▶ _What to produce_
Make an exact transcript of the lines in the data below, starting with the one containing "Map of French municipality" and going on through the one containing "Interior of emergency", with both included and the pictures left out.

▶ _Exercise input_
------------------------------------

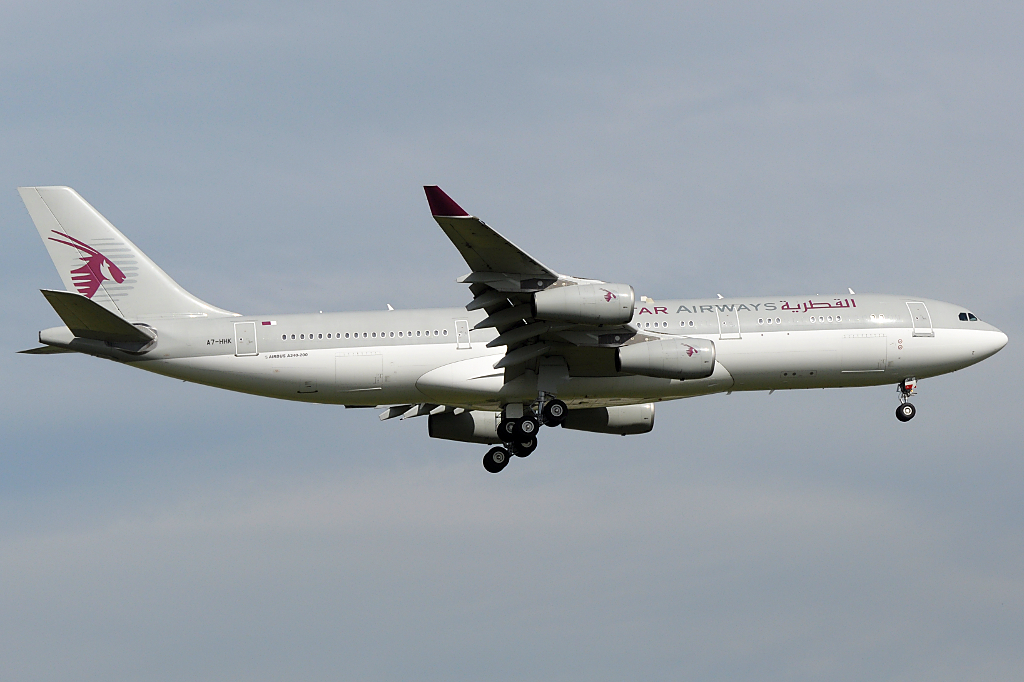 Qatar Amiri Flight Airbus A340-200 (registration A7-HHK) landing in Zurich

------------------------------------

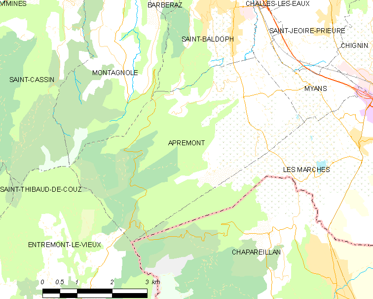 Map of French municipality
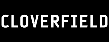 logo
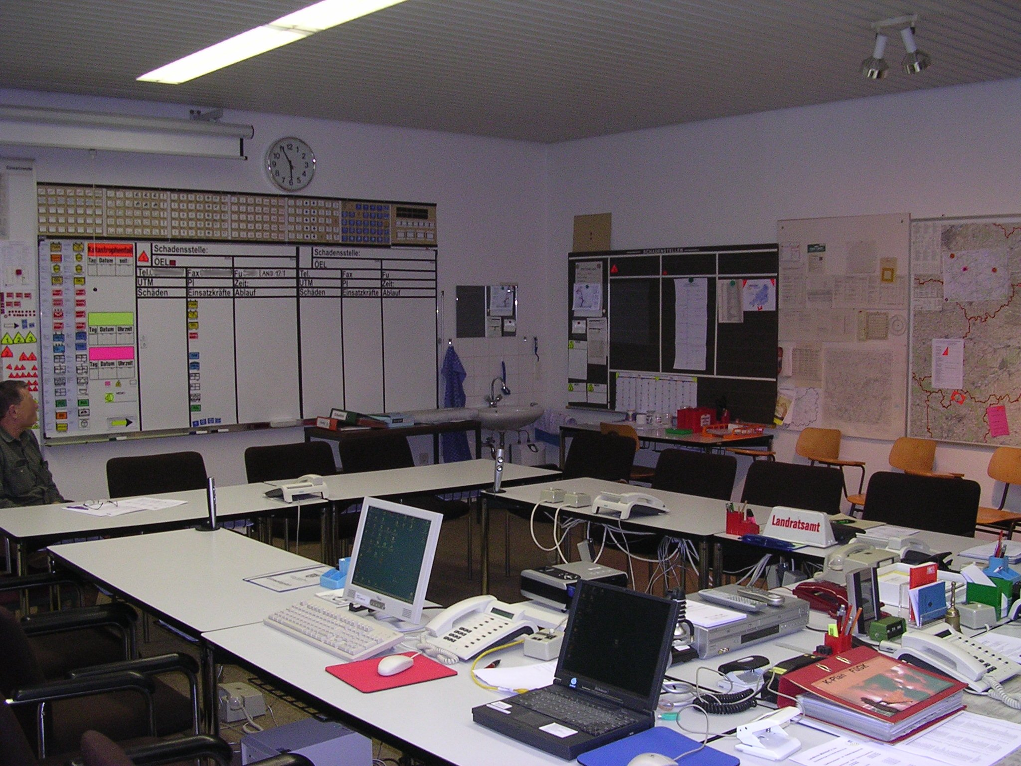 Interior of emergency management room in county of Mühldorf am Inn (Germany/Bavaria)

------------------------------------

▶ _Written response_
 Map of French municipality
 logo
 Interior of emergency management room in county of Mühldorf am Inn (Germany/Bavaria)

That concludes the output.